An international team of scientists has identified nearly a dozen genes that contribute to calcium buildup in our coronary arteries that can lead to life-threatening coronary artery disease, a condition responsible for up to one in four deaths in the United States.
Despite the known role of genetics in coronary calcium buildup, only a handful of contributing genes had been identified. Clint L. Miller, PhD, of the University of Virginia School of Medicine’s Center for Public Health Genomics, and his collaborators were eager to identify new genetic factors that influence our risk for coronary calcium buildup.
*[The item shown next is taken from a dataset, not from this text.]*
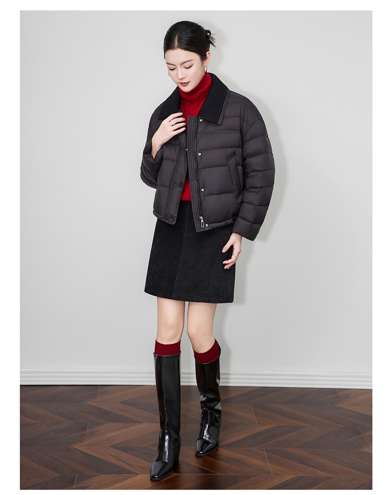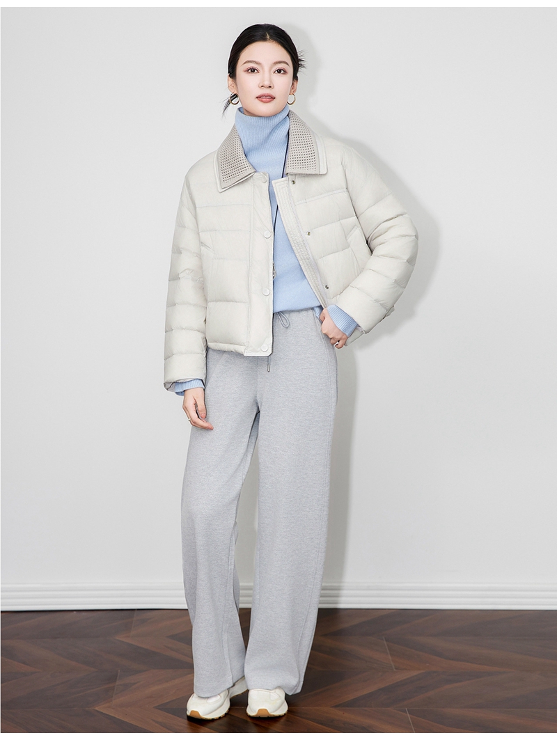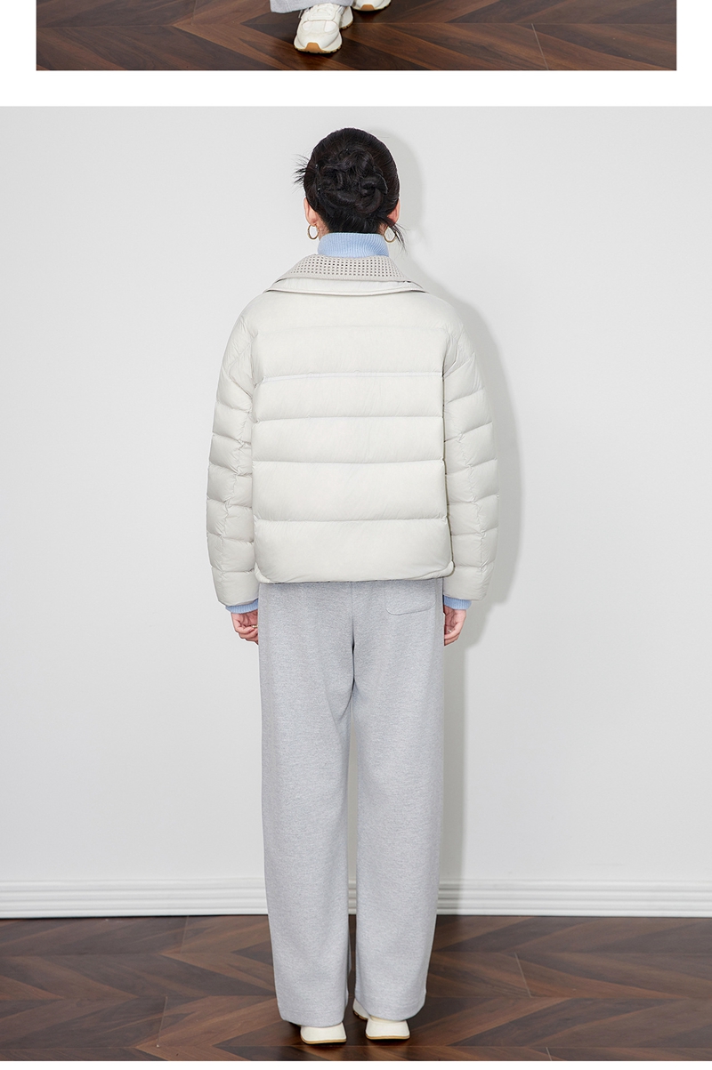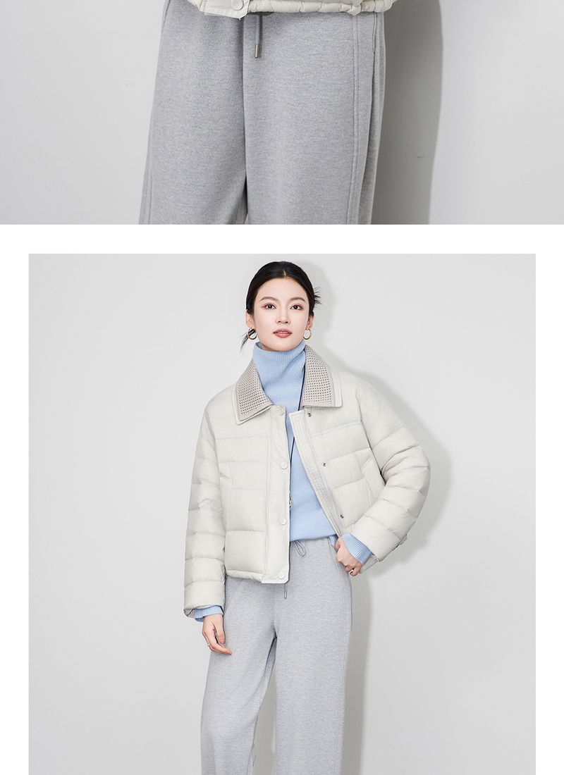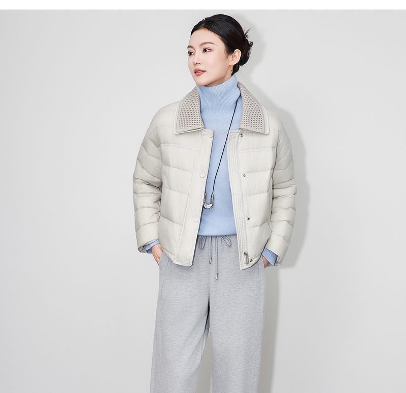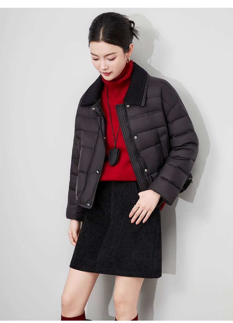 90白鸭绒云朵泡芙撞料翻领长袖单排扣短款羽绒服

They did this by analyzing data collected from more than 35,000 people of European and African ancestry around the world. This was the largest such “meta-analysis” yet conducted to understand the genetic basis of coronary artery calcification.
By combining several statistical analysis methods, the scientists identified more than 40 candidate genes at 11 different locations on our chromosomes linked to coronary artery calcification. Eight of these locations had not been previously connected to coronary calcification at all, and five were not yet reported for coronary artery disease. Genes at these locations play important roles in determining the mineral content of our bones and regulate key metabolic pathways in the formation of calcium deposits, among other functions.
One of the genes the scientists identified, ENPP1, is altered in rare forms of arterial calcification in infants. The researchers also identified genes in the adenosine signaling pathway, which is known to suppress arterial calcification.
To validate their findings, the scientists conducted gene queries and experimental studies in human coronary artery tissues and smooth muscle cells and demonstrated direct effects on calcification and related cellular processes.
The researchers have published their findings in the scientific journal Nature Genetics.